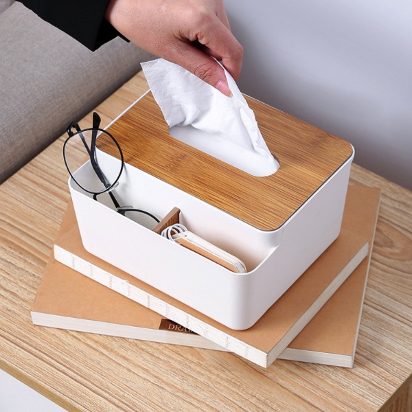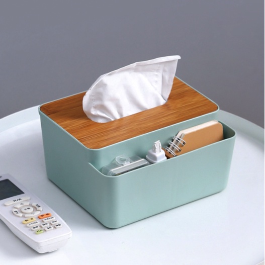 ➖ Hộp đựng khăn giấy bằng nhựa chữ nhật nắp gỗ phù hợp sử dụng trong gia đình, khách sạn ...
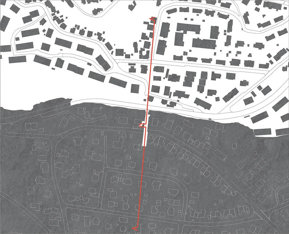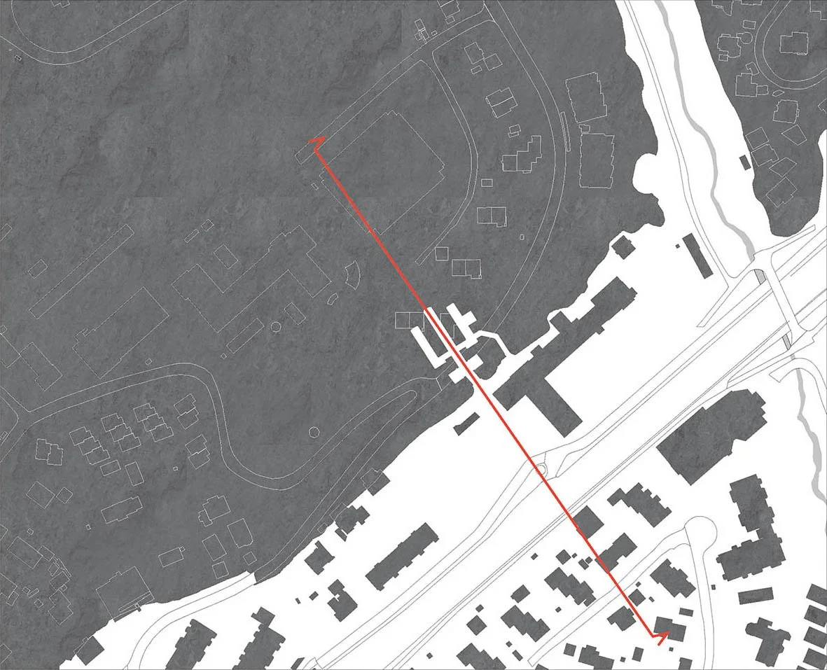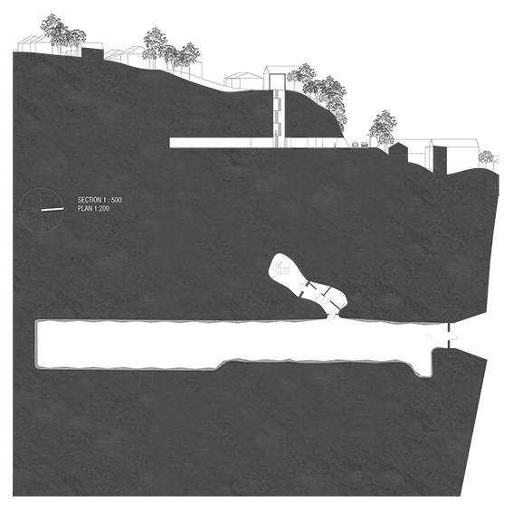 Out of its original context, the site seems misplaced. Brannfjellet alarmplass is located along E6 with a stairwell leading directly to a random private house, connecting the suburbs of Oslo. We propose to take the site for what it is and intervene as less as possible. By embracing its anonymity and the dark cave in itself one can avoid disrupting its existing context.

------------------------------------------------

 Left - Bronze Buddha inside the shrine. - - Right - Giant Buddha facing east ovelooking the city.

------------------------------------------------

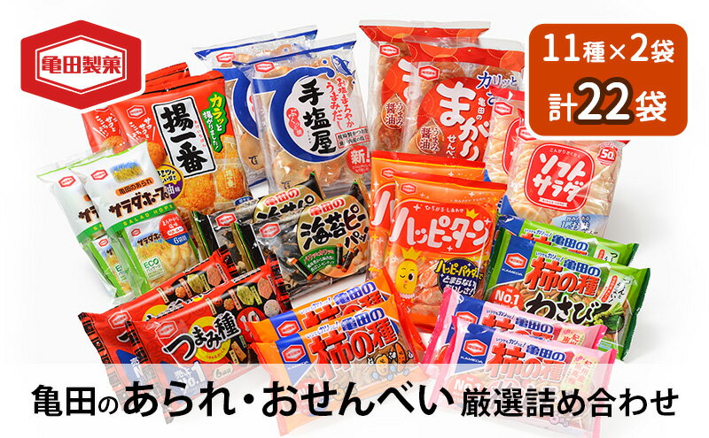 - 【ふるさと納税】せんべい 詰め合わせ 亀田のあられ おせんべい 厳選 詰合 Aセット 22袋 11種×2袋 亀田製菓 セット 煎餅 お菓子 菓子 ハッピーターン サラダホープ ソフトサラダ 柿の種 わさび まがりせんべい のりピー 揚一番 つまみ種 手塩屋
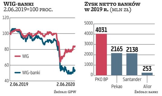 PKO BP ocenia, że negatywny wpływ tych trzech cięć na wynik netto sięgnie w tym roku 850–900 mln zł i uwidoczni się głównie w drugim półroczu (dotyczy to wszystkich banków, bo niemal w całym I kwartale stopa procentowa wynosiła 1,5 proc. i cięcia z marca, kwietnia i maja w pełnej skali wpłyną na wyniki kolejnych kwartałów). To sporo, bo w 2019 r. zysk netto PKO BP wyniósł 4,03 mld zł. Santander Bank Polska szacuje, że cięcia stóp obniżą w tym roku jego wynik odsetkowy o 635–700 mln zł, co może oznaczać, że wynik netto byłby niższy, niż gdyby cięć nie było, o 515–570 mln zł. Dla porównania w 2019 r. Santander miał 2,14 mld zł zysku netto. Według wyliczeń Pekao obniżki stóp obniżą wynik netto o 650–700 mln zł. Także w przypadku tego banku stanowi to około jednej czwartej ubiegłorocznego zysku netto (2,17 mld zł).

------------------------------------------------

#### [Task details]
Leave out the images and write out the lines above exactly, from the one with "- 【ふるさと納税】せんべい 詰め合わせ" up to and including the one with "PKO BP ocenia, że".

#### [Response for this exercise]
 - 【ふるさと納税】せんべい 詰め合わせ 亀田のあられ おせんべい 厳選 詰合 Aセット 22袋 11種×2袋 亀田製菓 セット 煎餅 お菓子 菓子 ハッピーターン サラダホープ ソフトサラダ 柿の種 わさび まがりせんべい のりピー 揚一番 つまみ種 手塩屋
 PKO BP ocenia, że negatywny wpływ tych trzech cięć na wynik netto sięgnie w tym roku 850–900 mln zł i uwidoczni się głównie w drugim półroczu (dotyczy to wszystkich banków, bo niemal w całym I kwartale stopa procentowa wynosiła 1,5 proc. i cięcia z marca, kwietnia i maja w pełnej skali wpłyną na wyniki kolejnych kwartałów). To sporo, bo w 2019 r. zysk netto PKO BP wyniósł 4,03 mld zł. Santander Bank Polska szacuje, że cięcia stóp obniżą w tym roku jego wynik odsetkowy o 635–700 mln zł, co może oznaczać, że wynik netto byłby niższy, niż gdyby cięć nie było, o 515–570 mln zł. Dla porównania w 2019 r. Santander miał 2,14 mld zł zysku netto. Według wyliczeń Pekao obniżki stóp obniżą wynik netto o 650–700 mln zł. Także w przypadku tego banku stanowi to około jednej czwartej ubiegłorocznego zysku netto (2,17 mld zł).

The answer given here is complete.